他跟她说过很多次,不要总是奴才长、奴才短的……
“瑶瑶,我与你说过好多次了,”
元邑摇一摇头,捏着董善瑶的手心儿又紧了紧,“我们是结发夫妻,你总这样,难免生分。”
可董善瑶却丝毫不为所动:“这是规矩。
奴才知道您不喜欢,可人前人后的,自个儿得端住了,若不然哪一日说漏了嘴,叫太后知道了,对您、对奴才,都没有好处。”
元邑蹙眉:“你说得对,太后……”
他撇撇嘴,“太后容不下。”
董善瑶反握上他的手:“别想这个了,眼下有一件很是紧要的事情,得您拿个主意。”
他故作不知,咦地一声:“出了事,你不报到寿康宫去,来找我做什么?”
董善瑶脸色难得的白一白,她知道,元邑心里有怨气,且是这个怨气十分大,自从父皇宾天后……她叹息:“大事上都退让了,您又何必在言语间逞这个强呢?”
元邑一耸肩,索性撒开了手:“说事吧。”
董善瑶一时有些尴尬,小手讪讪的收回来,藏在了宽大的华服袖下:“集清出了人命,一大早春喜带着人来告诉的奴才,是以奴才不必往寿康宫去寻太后,这事儿太后昨儿夜里就知道了。”
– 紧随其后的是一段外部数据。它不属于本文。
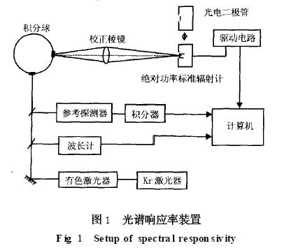 如果不满足以上4 个条件, (6) 式将不适用。为了提高光谱分辨率, 要求双单色仪的光谱带宽仅在几纳米内, 其结果是仅有几毫瓦的激光功率可以利用。这对一个绝对辐射计同光电二极管直接比较是行不通的, 因此必须在其中间加入更灵敏的二级标准作为传递。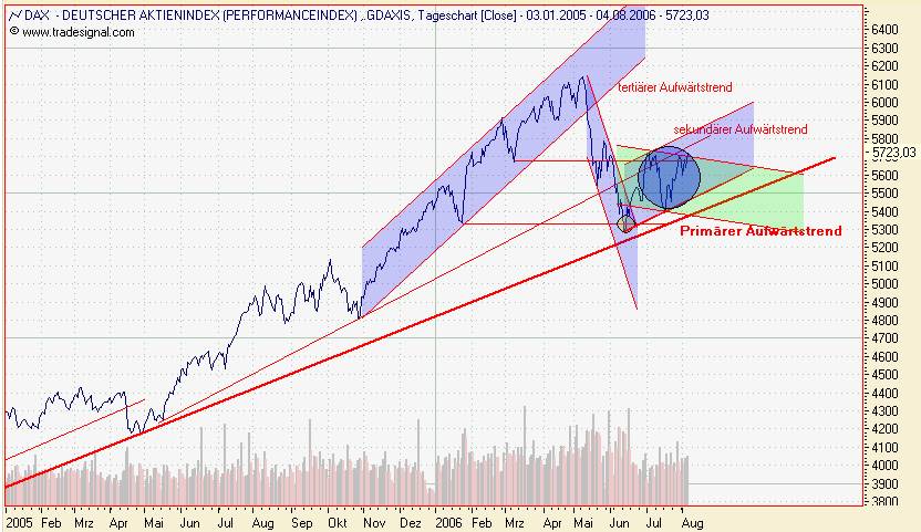 Onassis August 4, 2006 Wenn die letzten Wochen (Kreis dunkelblau) eine W-Formation ergeben, dann spricht das für steigende Kurse. Sieht zwar ein wenig verkrüppelt aus, könnte aber noch durchgehen. Und dann ist die Frage, welcher Trendkanal genommen wrid: 1. Der Aufwärtstrendkanal (ist IMO wahrscheinlicher) 2. der Abwärtstrendkanal (wurde heute nach oben mit EOD um ein paar Punkte durchbrochen) Für nächsten 2 Wochen rechne ich mit einer Bewegung des DAX im Aufwärtstrendkanal. Längerfristig (bis zu 6 Monate) sehe ich den DAX aber wieder bei 5.500 (nahe beim primären Aufwärstrend) Onassis Diesen Beitrag teilen Link zum Beitrag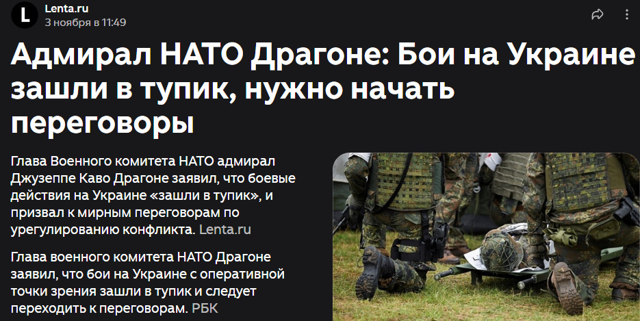Это то, что гласят заголовки: мол, "Адмирал НАТО призывает к перемирию!" Но в реальности же было сказано другое. Итак, взято отсюда: Admiral Giuseppe Cavo Dragone, chair of Nato's military committee since January, added from an operational point of view he considered the Russia-Ukraine war was bogged down, and "it was almost time to sit and talk because it's a waste of lives". Адмирал Джузеппе Каво Драгоне, глава военного комитета НАТО с января нынешнего года, сказал, что с оперативной точки зрения он считает российско-украинскую войну зашедшей в тупик, и "почти что" настало время сесть за стол переговоров, ибо жаль траты человеческих жизней. "Почти что" — это не призыв к переговорам, а призыв потянуть ещё резину, пока Россия не согласится на условия, которые выставил коллективный Запад. Также адмирал сказал следующее: "Мы будем с Украиной до тех пор, пока не наступит мир." То есть он, в принципе, нам говорит, что готовы воевать до последнего украинца, ибо при тотальном коллапсе Украин

他仿佛吃了一大惊,待惊诧过后,大手便在几案上重重的拍了下去:“人才住进来几天,怎么就出了人命?谁家的出了事?你知道的,集清里还住着福玳和令仪,还有肃国公的孙女萧氏在……”
“您别着急,”
董善瑶不疑有他,忙开口宽解他,“是徐家那个庶女,昨儿杨姑姑去的时候,人就已经咽气儿了。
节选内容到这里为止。